Second épisode d'une série de trois articles pour apprendre à mieux connaître le mouvement écoféministe, son histoire, sa littérature, et plus généralement son rapport à l'art. Dans ce deuxième article, place aux émotions, notamment en politique, et focus sur les incarnations artistiques du mouvement. 

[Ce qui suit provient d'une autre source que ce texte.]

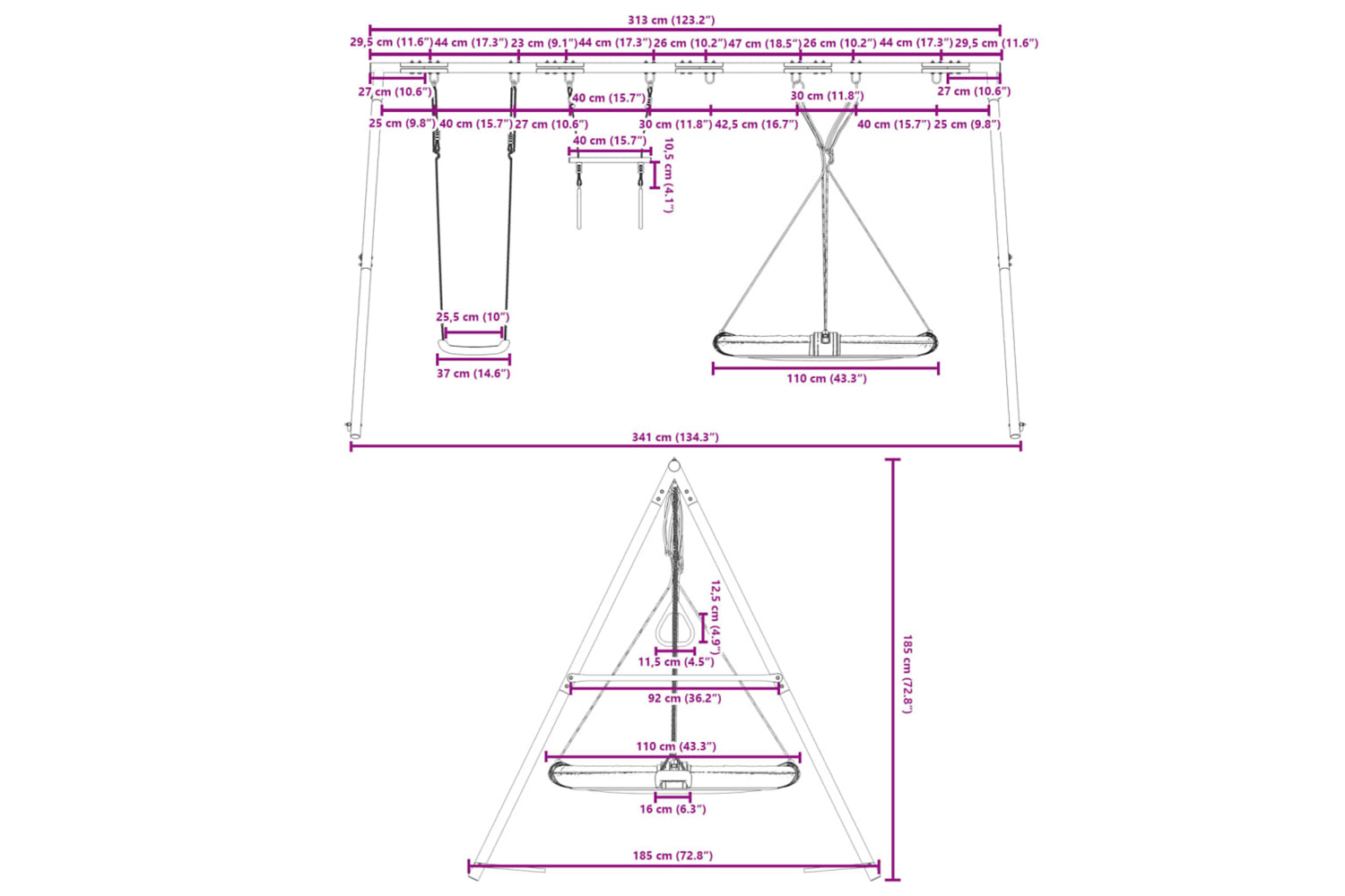 - Swing seat diameter: 110 cm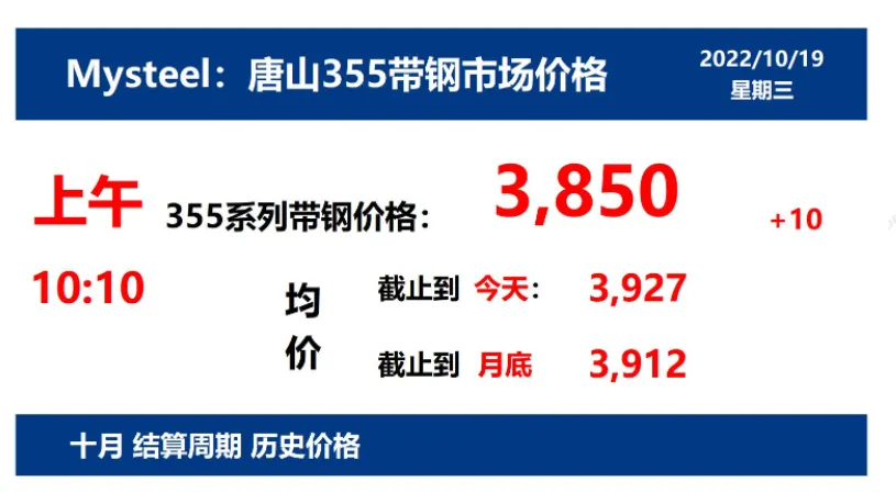 2022年10月19日,上午10:10,唐山355系列带钢市场价格 3850元/吨,较昨涨10元/吨;本月结算周期,截止到今天均价:3927元/吨,截止到月底:3912元/吨。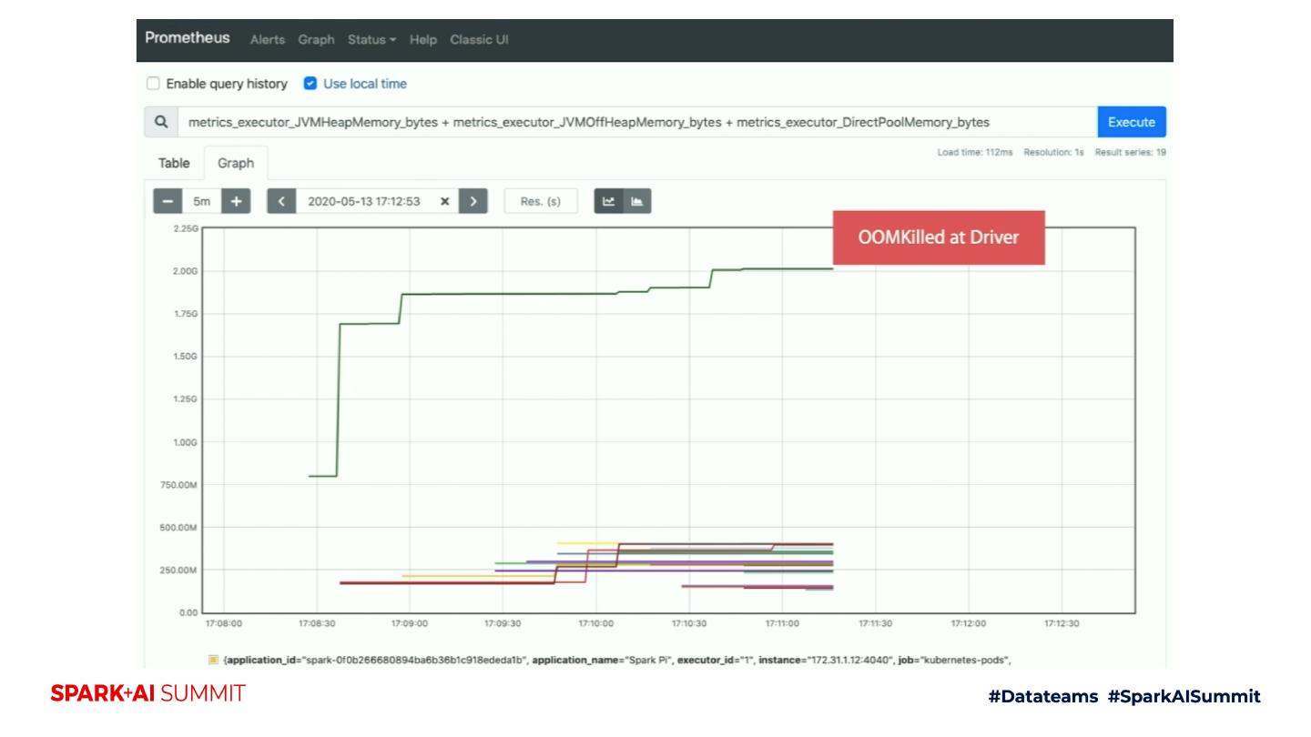 26 .Monitoring batch job memory behavior (2/2) spark-submit –master k8s://$K8S_MASTER_URL –deploy-mode cluster \ -c spark.driver.memory=2g \ -c spark.executor.instances=30 \ -c spark.ui.prometheus.enabled=true \ -c spark.kubernetes.driver.annotation.prometheus.io/scrape=true \ -c spark.kubernetes.driver.annotation.prometheus.io/path=/metrics/executors/prometheus/ \ -c spark.kubernetes.driver.annotation.prometheus.io/port=4040 \ -c spark.kubernetes.container.image=$spark_image \ --class org.apache.spark.examples.SparkPi \ local:///path/to/spark-examples_xx.jar 200000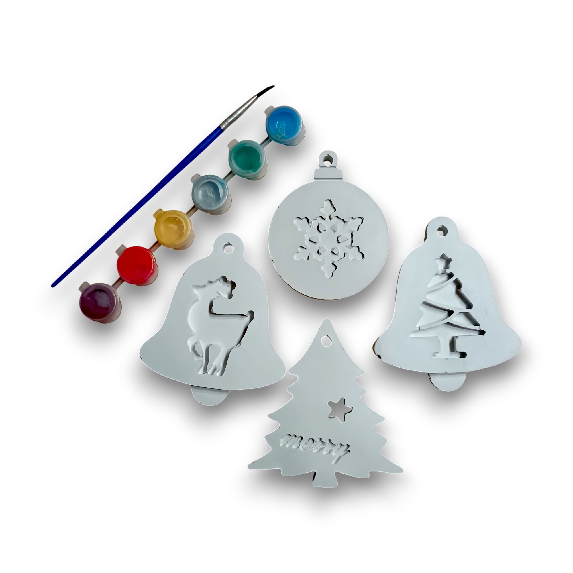 Σετ ζωγραφικής γύψινων στολιδιών που περιλαμβάνει 4 στολίδια, κορδέλα, 6 χρώματα τέμπερας (χρυσό, ασημί, μπλε, πράσινο, καφέ και κόκκινο) και πινελάκι, όλα μέσα σε μια όμορφη Χριστουγεννιάτικη συσκευασία!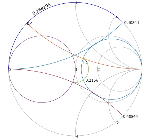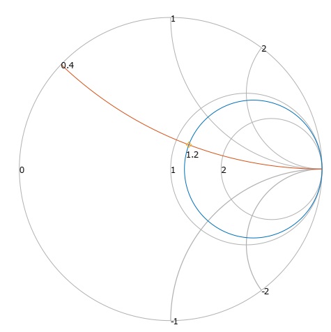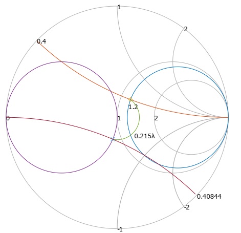 En la Figura 3 se muestran el círculo de resistencia normalizada iso-1.2, el arco de reactancia normalizada iso-0.4 y, en la intersección de estos, .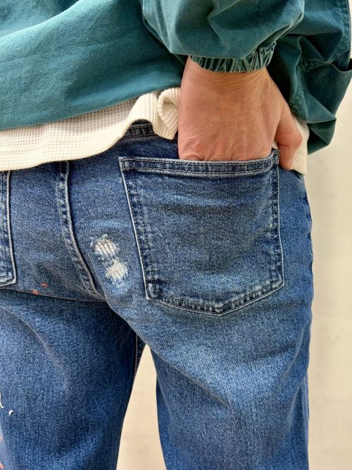 レーザー加工&刺繍 スリムフィットジーンズ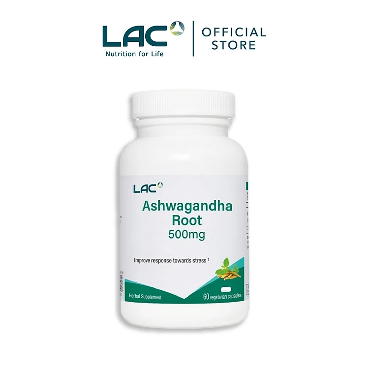 VIÊN UỐNG HỖ TRỢ GIẤC NGỦ CHIẾT XUẤT RỄ SÂM ẤN ĐỘ LAC ASHWAGANDHA ROOT 500MG (60 VIÊN)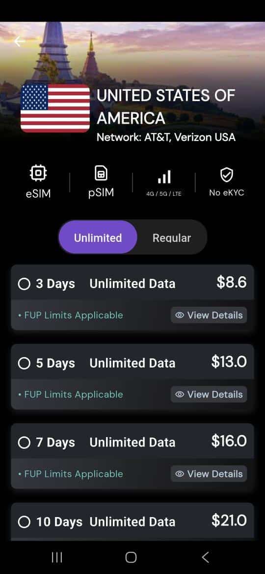 Unlimited data options – available for popular destinations; ideal for heavy users.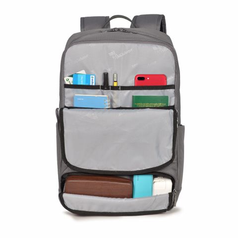 Thiết kế với 3 ngăn chính lớn, trong đó ngăn chính sau được tích hợp 1 ngăn đựng laptop riêng cho các dòng mày laptop PC lên đến 15.6" và Mac 17", có đai cài an toàn cho từng dòng máy khác nhau. Ngăn chính mặt trước còn lại được thiết kế dây kéo an toàn, bên trong có nhiều ngăn nhỏ đựng phụ kiện như bóp ví, chìa khoá, điện thoại, viết, sổ tay...vv.

Ces derniers mois, nombreux sont les discours politiques, les événements ou encore les œuvres culturelles qui se sont revendiqués de l’écoféminisme, un mouvement pacifique, émotionnel et artistique qui vise à mener de front les combats féministes, écologiques et sociaux. Pour y voir plus clair sur ce que signifie vraiment être écoféministe, et comprendre le courant dans ses dimensions plurielles, carbo vous a préparé une série de trois articles sur le sujet. Après un premier épisode sur la genèse et les raisons d'être du mouvement, on s'intéresse à la place centrale donnée à l'art et aux émotions au sein de la pensée écoféministe.

Une histoire de happenings artistiques

Dans les années 1970 et 1980, l’écoféminisme bat son plein en même temps que de nombreux mouvements pacifistes et antinucléaires. En 1980, 2 000 femmes de la Women’s Pentagon Action manifestent autour du Pentagone, siège de l’armée des États-Unis, pays plongé alors dans une course effrénée à l’armement menée par son président Reagan. Elles se battent par « peur pour la vie de cette planète, notre Terre, et pour la vie des enfants qui sont le futur de l’humanité », une action de désobéissance civile qui se déroule dans la joie militante et où la danse joue un rôle fondamental. 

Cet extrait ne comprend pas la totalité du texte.